10 May 2010

Citizen and Subject

CU, NDR Part 9a

Citizen and Subject

Dar-es-Salaam-trained Ugandan intellectual Mahmood Mamdani’s 1996 book “Citizen and Subject” brings more facts and insights about peasants and workers to assist with understanding class alliance, the condition for the National Democratic Revolution. The chapter linked below is the book’s summing-up. Note that Mamdani's sense of the word “subject” in this work is different and opposite from the usual communist one. Here it means a subordinate person, as opposed to a free person.

Professor Mamdani [pictured above] will return to Uganda next month (June 2010) to head the Makerere Institute of Social Research (MISR). To read more about this significant move, click here.

In this work, Mamdani’s principal insight is to recognise the class alliance typically sought by the Imperialists in neo-colonial Africa countries.

According to Mamdani, the Imperialists prefer to ally with the backward rural feudal elements commonly called “traditional leaders” or “chiefs” in Africa, and against the modernising bourgeoisie and proletariat of the cities and towns.

To a South African this is not surprising and indeed Mamdani regards South Africa as the classic case in this regard, although he quotes many other examples.

This analysis is important because it stands in contrast with a common presumption, namely that the Imperialist monopoly-capitalists tend to work through “compradors”, who are local aspirant bourgeoisie, or bourgeoisie-for-rent, who do the Imperialists work for them.

Such compradors do exist, and clearly they exist in South Africa. Yet, Mamdani’s scheme reflects the facts and history of Imperialism in Africa better, at least up to now. Imperialism is in general hostile to the national bourgeoisie. The typical neo-colonial war of recent decades, including the Iraq war, is a war of Imperialism against a national bourgeoisie that wants national sovereignty and control over its country’s national resources.

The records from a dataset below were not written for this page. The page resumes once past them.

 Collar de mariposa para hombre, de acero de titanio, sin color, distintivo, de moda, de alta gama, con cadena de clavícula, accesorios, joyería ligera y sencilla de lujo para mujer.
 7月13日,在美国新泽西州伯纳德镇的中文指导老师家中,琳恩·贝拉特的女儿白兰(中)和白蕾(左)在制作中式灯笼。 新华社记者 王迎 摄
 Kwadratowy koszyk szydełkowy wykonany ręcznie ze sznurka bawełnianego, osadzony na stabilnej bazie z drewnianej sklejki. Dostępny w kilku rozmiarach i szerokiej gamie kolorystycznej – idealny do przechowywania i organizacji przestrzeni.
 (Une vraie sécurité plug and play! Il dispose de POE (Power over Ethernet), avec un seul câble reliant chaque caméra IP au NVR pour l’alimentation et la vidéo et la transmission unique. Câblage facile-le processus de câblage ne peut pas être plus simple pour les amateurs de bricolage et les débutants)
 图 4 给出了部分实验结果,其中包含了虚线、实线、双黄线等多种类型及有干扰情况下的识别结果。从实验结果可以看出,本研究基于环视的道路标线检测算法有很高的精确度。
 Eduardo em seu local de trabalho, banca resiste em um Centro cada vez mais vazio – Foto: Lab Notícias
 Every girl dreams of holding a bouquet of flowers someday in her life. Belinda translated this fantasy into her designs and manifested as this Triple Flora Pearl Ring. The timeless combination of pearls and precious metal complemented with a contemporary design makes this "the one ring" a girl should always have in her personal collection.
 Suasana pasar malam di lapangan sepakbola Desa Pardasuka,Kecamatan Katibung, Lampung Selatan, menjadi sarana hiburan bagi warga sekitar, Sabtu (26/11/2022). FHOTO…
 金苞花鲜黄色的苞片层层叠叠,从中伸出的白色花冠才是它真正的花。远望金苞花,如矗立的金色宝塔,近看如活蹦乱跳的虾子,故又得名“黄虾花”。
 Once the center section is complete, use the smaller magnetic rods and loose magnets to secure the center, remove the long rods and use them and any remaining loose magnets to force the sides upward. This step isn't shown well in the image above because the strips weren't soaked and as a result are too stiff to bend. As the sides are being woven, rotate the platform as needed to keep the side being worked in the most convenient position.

In the light of this analysis it becomes easier to see why it is that the South African proletariat has long been, via the ANC, in alliance with parts of its national bourgeoisie, for national liberation, and against the monopoly-capitalist oppressors with their Imperial-globalist links.

For their part, the Imperialists relied heavily in the past on Bantustan leaders and on the Inkatha Freedom Party, but the ANC was able to form better links with the rural as well as the urban masses, thus achieving a class alliance that could and did dominate the country in terms of mass support.